V-B HTTP Request per TCP Connection

As shown in Figures 3 and 4, in Table I, and as discussed in section III, the immediate termination of the curl handle causes very short TLS Application Data flows across all Metasploit traffic. This could be seen as the most distinguishable characteristic in Metasploit’s C2 traffic. Several TLS AppData packets can be included in the same TCP connection in order to make C2 traffic less distinguishable from web traffic, which typically has TCP connections with more TLS records. To achieve this, the curl handles are now re-used until a number of Metasploit HTTP requests have been exchanged in the same TCP connection.

Figure 6 shows the difference in Metasploit’s TLS traffic flow with adaptation V-B when compared to Figure 3. We can now observe multiple HTTP requests in a single TCP connection. Although we changed the way HTTP requests are organized into TCP connections, the overall workflow remains the same and the GET and POST requests that can be observed correspond to polling and command response as in the default Metasploit payload.

Table III shows the impact adaptation V-B has on the sequence of TLS AppData record sizes per TCP connection. We observe this modification causes the Metasploit to generate a traffic profile that to a certain extent is closer to that of non-C2, web traffic shown in Table I.

Fig. 6: Diagram for a traffic flow sample between HTTP payload and the Metasploit framework with adaptation V-B.

1	2	3	4	5	6	7	8
336	272
320	112	320
320	560	768	176	784	288	560	176
320	304	512	176	528	304	720	176
320	304	1056	176	1072	288
528	176	544	288
576	176	592	288
624	176

TABLE III: First 9 TLS Application Data record sizes for sample TCP connections and C2 traffic using adaptation.

We evaluate the evasion rate of this technique using a C2 Metasploit dataset with 3 HTTP requests per TCP connection and with a random number of HTTP requests per connection. Table IV shows the evasion rate results for these techniques. By changing the amount of HTTP requests per TCP connection, a pentester can completely evade what was previously considered a reliable detector.

Dataset	Total number	Evasion
type	of samples	rate
Default Metasploit	111853	9 (0.01%)
3 HTTP requests	41094	41094 (100%)
per TCP connection
Random # HTTP requests	12415	12415 (100%)
per TCP connection

TABLE IV: Evasion rate of multiple HTTP requests sent in the same TCP connection

After noticing this clear improvement in his evasion rate, the pentester can modify Metasploit to start using a random number of TLS AppData packets per TCP connection, circumventing the periodic pattern that lead to the detection of C2 traffic in the first place.

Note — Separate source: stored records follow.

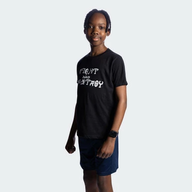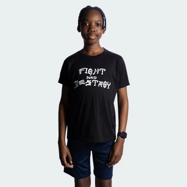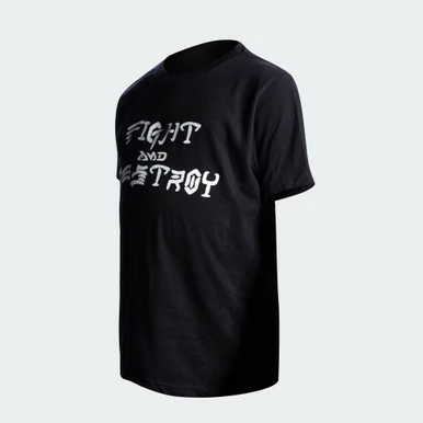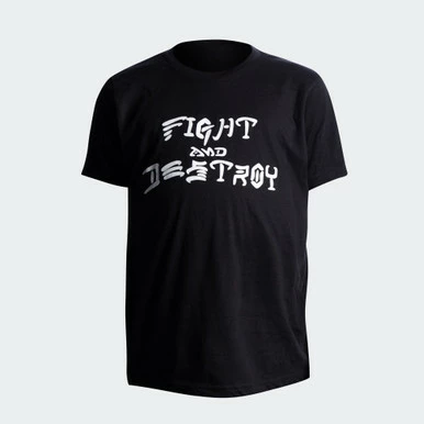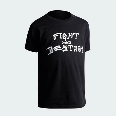 Super comfortable and fitting ringspun cotton/poly t-shirt with a nostalgic center chest Fight and Destroy imprint.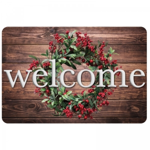 The Original Fun Mat, Welcome Mat, 15.5" x 23.5", Winter Berries Wreath Rustic Wood Welcome $ 14.36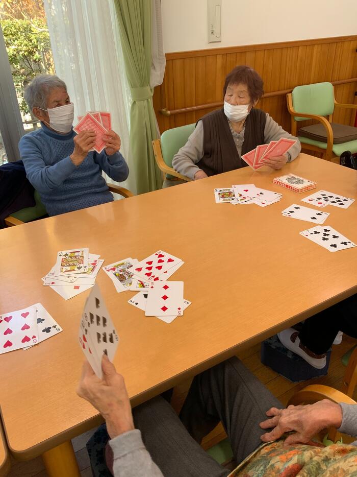 食後にトランプをして、とてもよろこんでくださいました。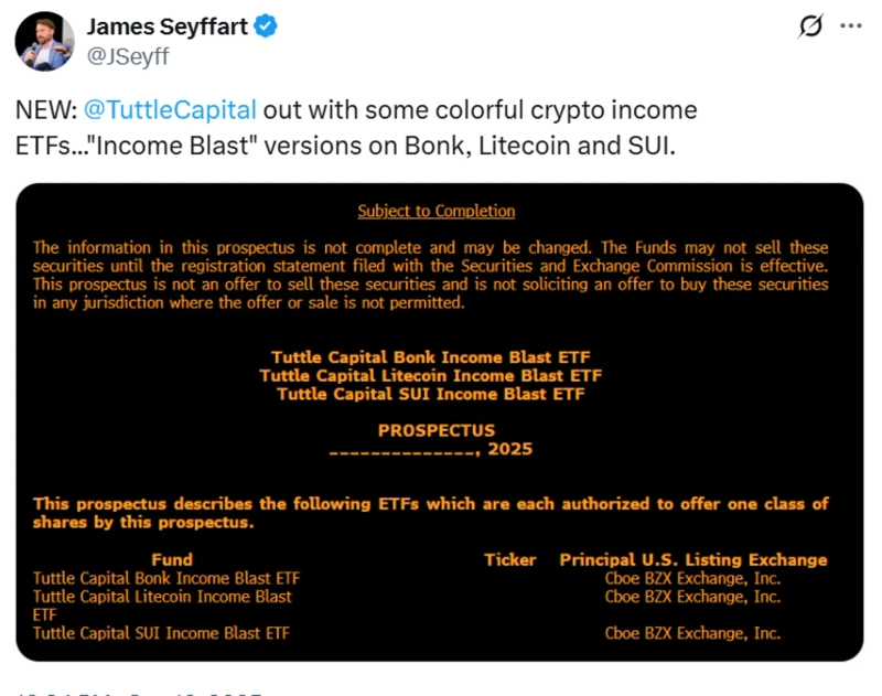 - 該当ETFは ミームコイン BONK(BONK), ライトコイン(LTC), スイ(SUI) を基礎資産として構成されていると述べた。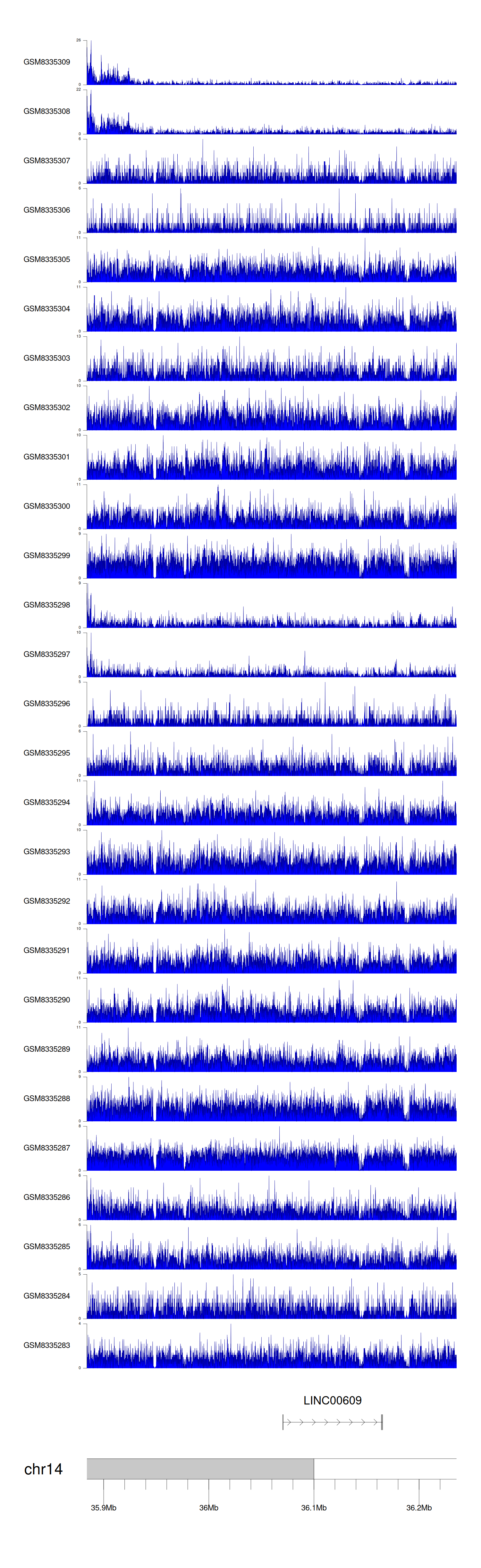 > Dataset: GSE270130 - LINC00609 peak across samples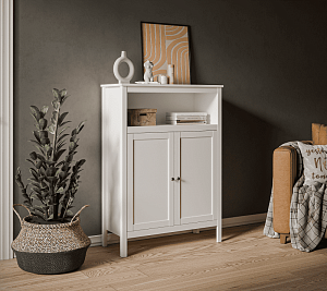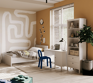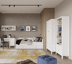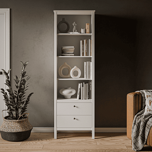 Несмотря на компактный размер шкаф отличается своей вместительностью: пять полок и выдвижной ящик создают удобное пространство для хранения одежды, белья и постельных принадлежностей. Дверца навешивается как на левую, так и на правую сторону, что позволяет разместить шкаф в любом уголке комнаты.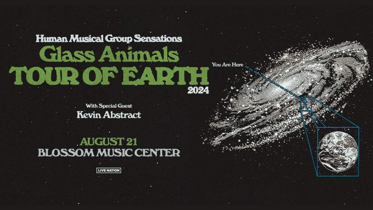 Glass Animals bring their Tour of Earth 2024 tour to Blossom Music Center on Wednesday, August 21 with special guest: Kevin Abstract! For complete show details and to purchase your tickets, click HERE starting Thursday, April 11 at 10:00 AM! Listen to Glass Animals on iHeartRadio!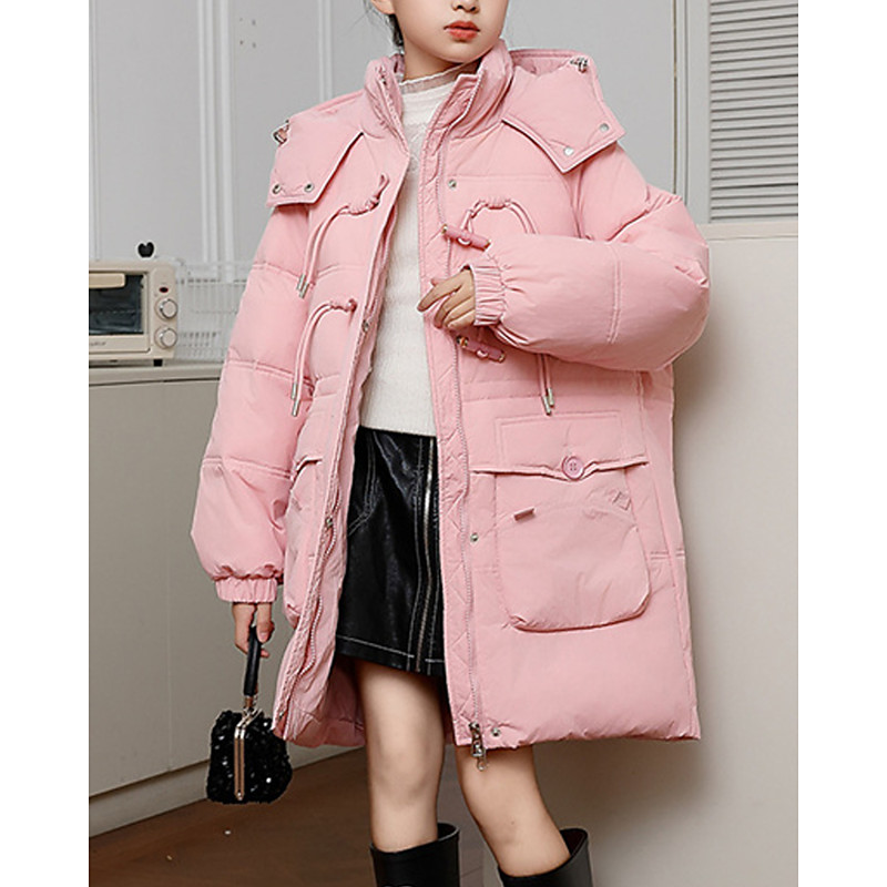 Kids Girls' Down Jacket Outdoor Jacket Puffer Jacket Solid Color Fashion Keep Warm Windproof Outdoor Coat Outerwear 4-12 Years Fall Black Pink Red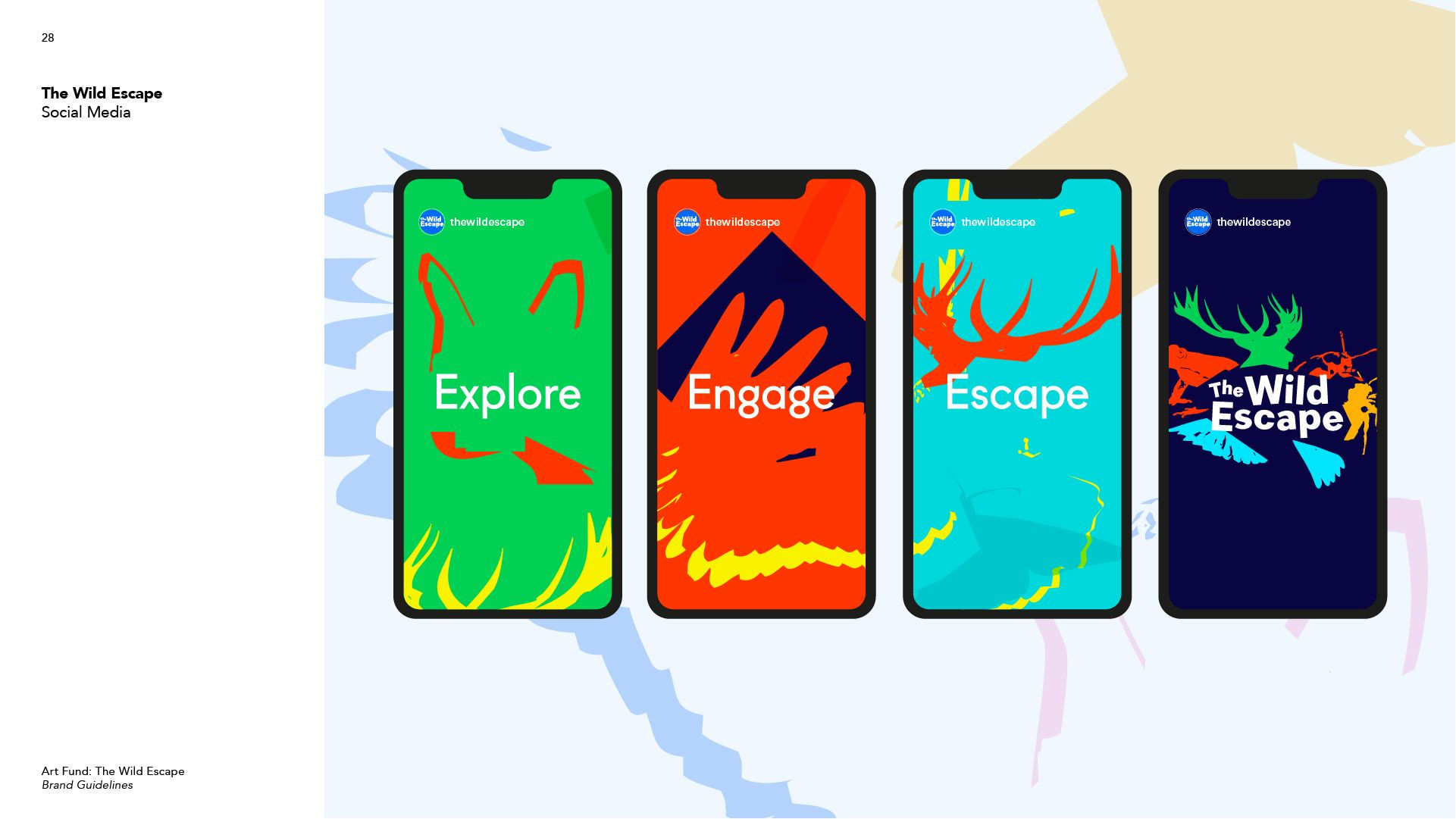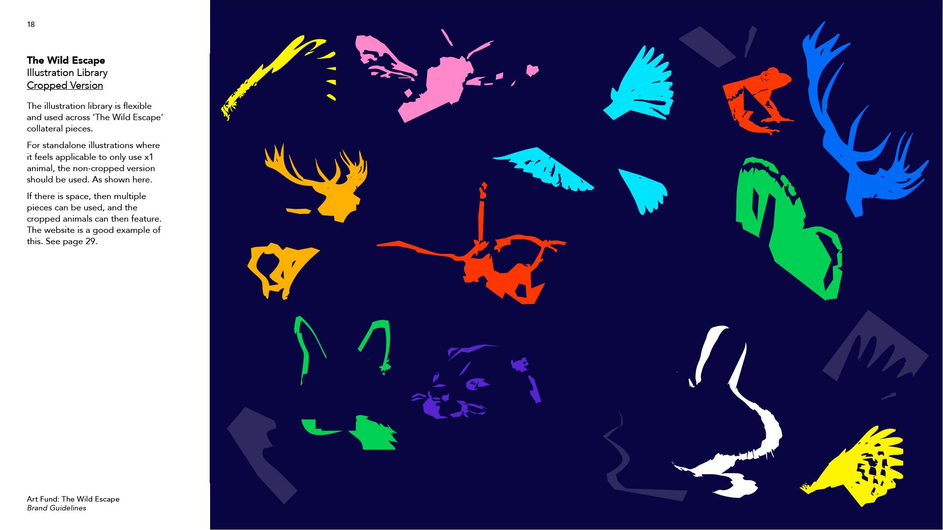 Natalie Cahillane, Head of Creative, Art Fund.Working with Field has been nothing short of an absolute pleasure. Briefing in the identity for a commission that demanded a level of fluidity that would allow for the work of both children and established Artists alike, to sit within one harmonious ‘eco-system’, is no mean feat. And that’s exactly what Field gave us - a flexible brand package that allowed ‘The Wild Escape - to meld beautifully into the ‘The Wild World’ seamlessly, holding all the many different touch points in the process.

Vi Evading an Increased Awareness Detector

In order to further analyse the threat model presented in section V, a more robust model, aware of the previous changes made to the Metasploit’s communication scheme, was trained and evaluated. This model’s layers and input features are the same as the one presented in section IV, however the training data now includes samples from the dataset “Random # HTTP requests per TCP Connection" discussed in section V-B. As a result of this addition, the detector is now able to detect Metasploit’s C2 traffic with multiple HTTP requests per TCP connection with an accuracy of 98.4%. With this model in place, we consider a second threat model, as follows.

Threat model #2: A new C2 detector is trained with Metasploit traffic samples containing a random number of HTTP requests per TCP connection, as described in the beginning of this section. Knowing about this, and to remain undetected, the pentester is able to additionally modify the communication pattern of the Metasploit framework from section V.B by adding stuffing bytes to the C2 traffic that are specifically chosen to mislead the detector through adversarial machine learning techniques.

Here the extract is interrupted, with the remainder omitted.